The more successful students are relational learners who develop or have the skills to see that organic chemistry focuses on the molecular transformations of reactions [21]. The less successful students, the instrumental learners, are challenged because they do not view reactions as a process.

3. Focus Question

Previous research has shown that difficulty in organic chemistry is influenced by students’ lack of prior knowledge of general chemistry concepts. An analysis of organic chemistry quiz questions led to the following focus question:
  • What are some of the general chemistry topics that demonstrated a lack of prior knowledge and have the potential to influence meaningful learning in organic chemistry?

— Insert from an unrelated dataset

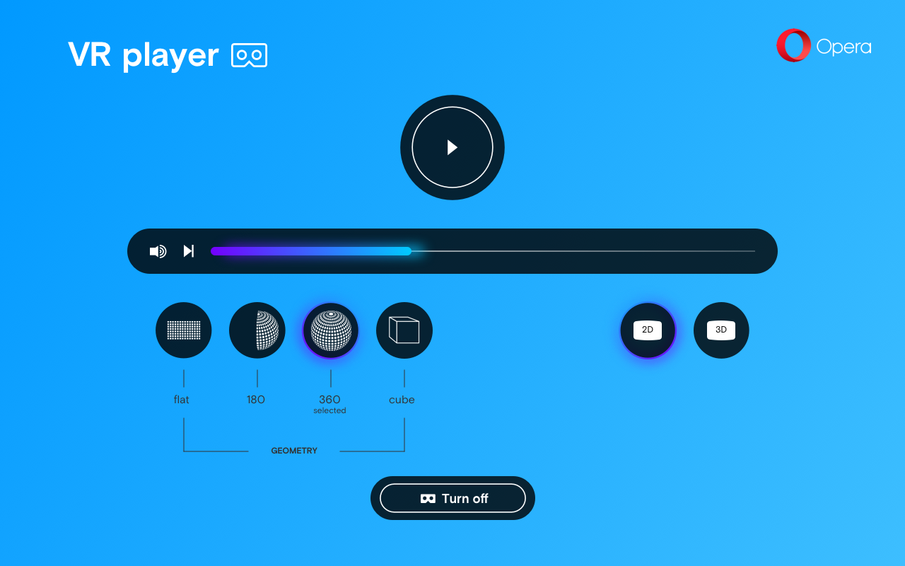 By clicking the “Turn off” button in the Opera VR 360 Player, your device will return to its native home screen.
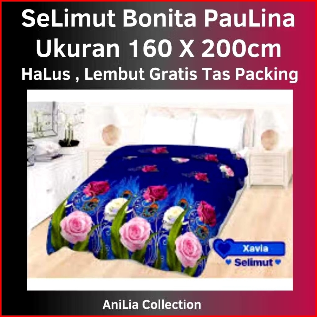 Selimut Bonita Paulina 160x200 Bahan Lembut Adem Free Tas Packing Praktis

4. The Organic Chemistry Course

The organic chemistry course described in this study is the first semester of a two-semester sequence. The first semester of the sequence is taught as a hybrid course where the students only meet with the instructor one 50-min class per week. Further details about the course are found in reference [33]. As a prerequisite, students are only required to complete one semester of undergraduate general chemistry and may not have studied thermochemistry, equilibrium, acid-base equilibria, and kinetics. The lack of exposure to these topics presents a teaching challenge to ensure these topics are covered carefully and thoroughly when needed.
Students access quizzes online through ANGEL [34], a course management tool, with approximately 29 quizzes per semester. The quizzes are based on lectures that are posted online and because the course is hybrid, the instructor does not present the lecture material during class meetings with the students. The students are required to complete the lecture notes and each student’s notes are checked by the instructor for completion. Following almost every lecture there is a quiz to ensure students keep up with the lectures. The quizzes are set to start within two days after the lecture material is assigned and their frequency guarantees that a specific amount of content is covered each week. Only after a quiz and completion of the lecture notes are topics discussed in more detail; the material often comes from analysis of the quiz questions where the students experienced difficulty.
The questions on the quizzes are primarily multiple choice, with some fill-in-the-blank questions. Since the quizzes are online students can look up answers to the questions, but prior knowledge is essential. The textbook used for the course is Fundamentals of Organic Chemistry [35]. The chapters covered are shown in the Supporting Material.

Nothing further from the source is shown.